- The task: All that belongs in the answer is the lines from the one containing "Các nhà nông" to the end of the listing below, copied exactly, pictures excluded.

- Data block:
⟨

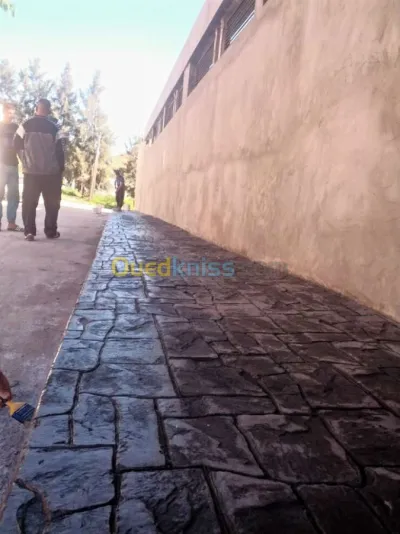 béton imprimé Cette technique consiste à appliquer une empreinte souple sur un béton encore frais. Elle permet de reproduire, sur de grandes surfaces, tous type de matériaux tels que d
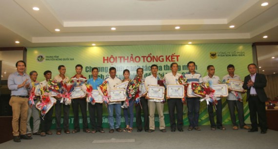Các nhà nông ưu tú nhận phần thưởng từ BTC chương trình. Ảnh: DŨNG PHƯƠNG
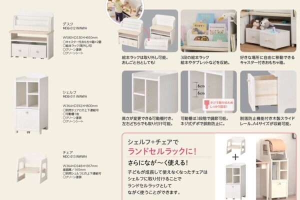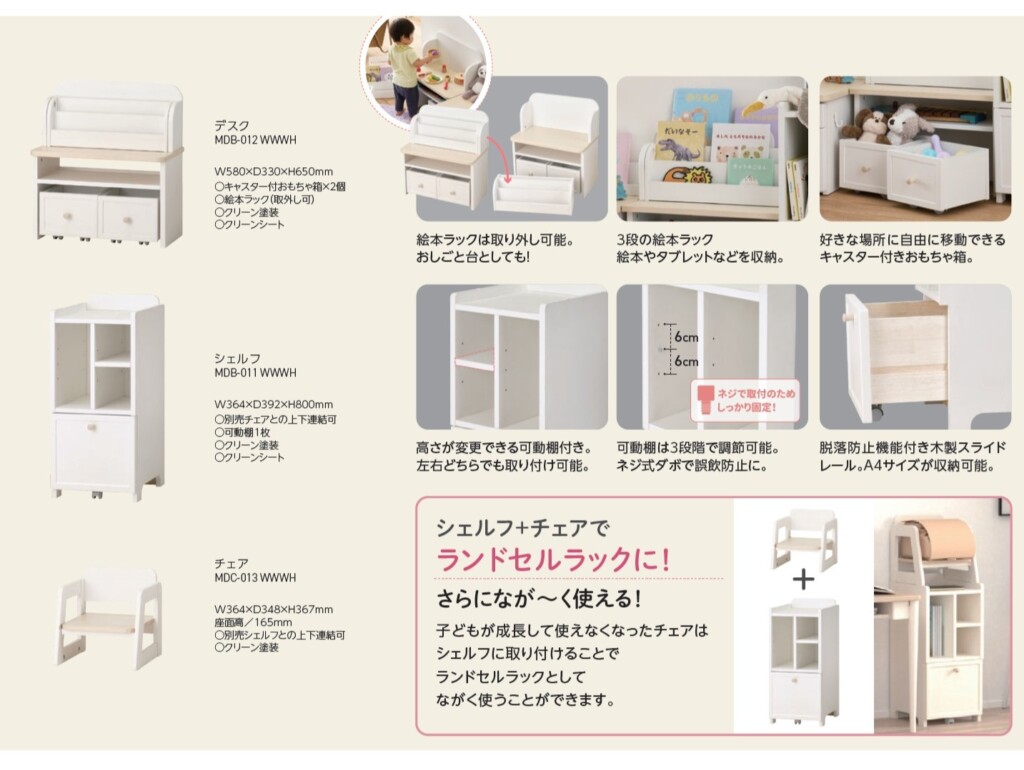 Muppu サイズ 画像参照 素材 プリント化粧繊維板 ブランド Muppu(ムップ) お問い合わせはこちら モンテッソーリ教育の理念に沿い開発された、子供と一緒に成長する家具 幼少期から使えるキッズデスクから、大きくなったら組み替え学習デスクへ。子どもの自己教育力の伸ばす発想のシリーズです。 関連商品 LatreeBookEnd2 SquareMirror Crane CF-406

⟩

- Solution for this task:
Các nhà nông ưu tú nhận phần thưởng từ BTC chương trình. Ảnh: DŨNG PHƯƠNG
 Muppu サイズ 画像参照 素材 プリント化粧繊維板 ブランド Muppu(ムップ) お問い合わせはこちら モンテッソーリ教育の理念に沿い開発された、子供と一緒に成長する家具 幼少期から使えるキッズデスクから、大きくなったら組み替え学習デスクへ。子どもの自己教育力の伸ばす発想のシリーズです。 関連商品 LatreeBookEnd2 SquareMirror Crane CF-406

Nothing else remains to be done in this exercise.